En la segunda mitad de la década, a tenor de la (ficticia) armonía instalada en las relaciones
internacionales durante la época del llamado “Espíritu de Locarno”, cuando incluso Alemania entró
en la Sociedad ocupando un puesto como miembro permanente (1926), la sociedad pareció cumplir
su cometido, más por inexistencia de problemas que por su actividad como mediador en los
mismos.
Será en los 30, bajo la sombra de la Gran Depresión y de la actividad agresiva de los
gobiernos más extremistas, cuando muestre su total ineficacia, según aquellos a los que iba
amonestando iban abandonando la sociedad en señal de indiferencia a lo que significaba la
institución. Así ocurrió con Japón, reprendido por la invasión de Manchuria en 1931, que hizo caso
omiso a las objeciones de la SDN a su acción y la abandonó en 1933 sin atender a sus peticiones.
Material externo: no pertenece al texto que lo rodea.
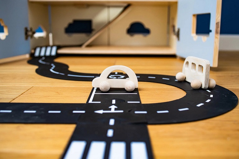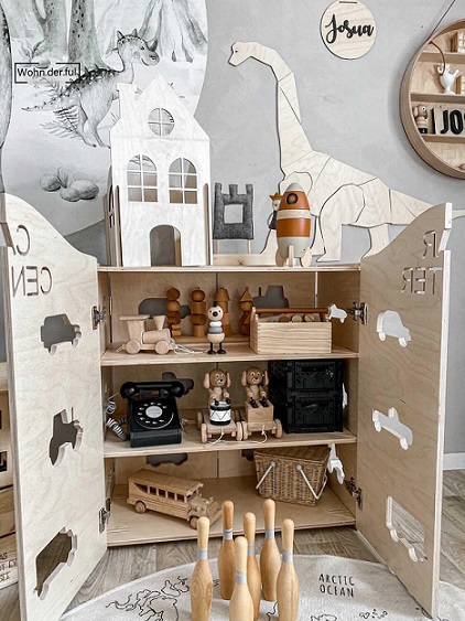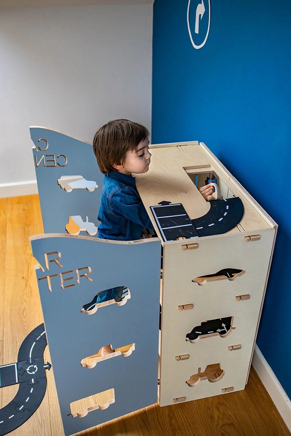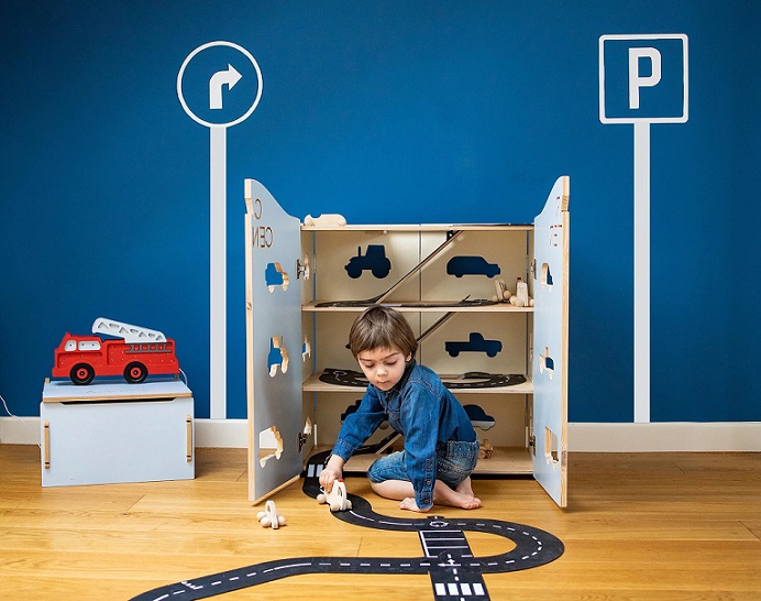 Ett unikt skåp med tre hyllplan som kan användas till garderob, förvaring av leksaker och garage! Ditt barn sätter enkelt ihop den medföljande bilbanan själv, vilket stimulerar och uppmuntrar barnets kreativitet och lek. Skåpets hyllor tas enkelt bort för att omvandla byrån till en avskärmare.

Le
siguió Alemania, que ya con Hitler en el poder, la abandonó en 1933. La puntilla fue la invasión de
Abisinia por parte de Italia de 1935, donde no sólo las sanciones económicas contra Mussolini no
fueron ejecutadas, sino que hubo una gran división entre los miembros del organismo sobre el
derecho o no de Italia a tal acción. El país transalpino la abandonaría en 1937. El desprestigio de la
Sociedad era tal, que Francia y Gran Bretaña decidieron seguir su propia política frente a las
naciones fascistas, la llamada “política de apaciguamiento”, sin contar con la SDN, transformado ya
en un organismo vacuo e inútil.

4. El militarismo agresivo
Fue Japón, en 1931, quien abrió el camino a las agresiones exteriores por parte de los nuevos
gobiernos totalitarios de corte fascista. Desde 1910 Japón controlaba la Península de Corea, que se
convirtió en la punta de lanza de los intereses comerciales y políticos japoneses en la región. En
septiembre de 1931 el ejército japonés, sin el consentimiento del gobierno del Primer Ministro
Inukai Tsuyoshi (asesinado en 1932 por militares extremistas), invadió Manchuria, región del norte
de China, en un intento de responder por medio del expansionismo a la crisis económica y política
que sufría el país. El gobierno de la nueva república China que había sustituido al Imperio 20 años
antes, incapaz de plantar cara a la ocupación, sólo pudo protestar ante la comunidad internacional.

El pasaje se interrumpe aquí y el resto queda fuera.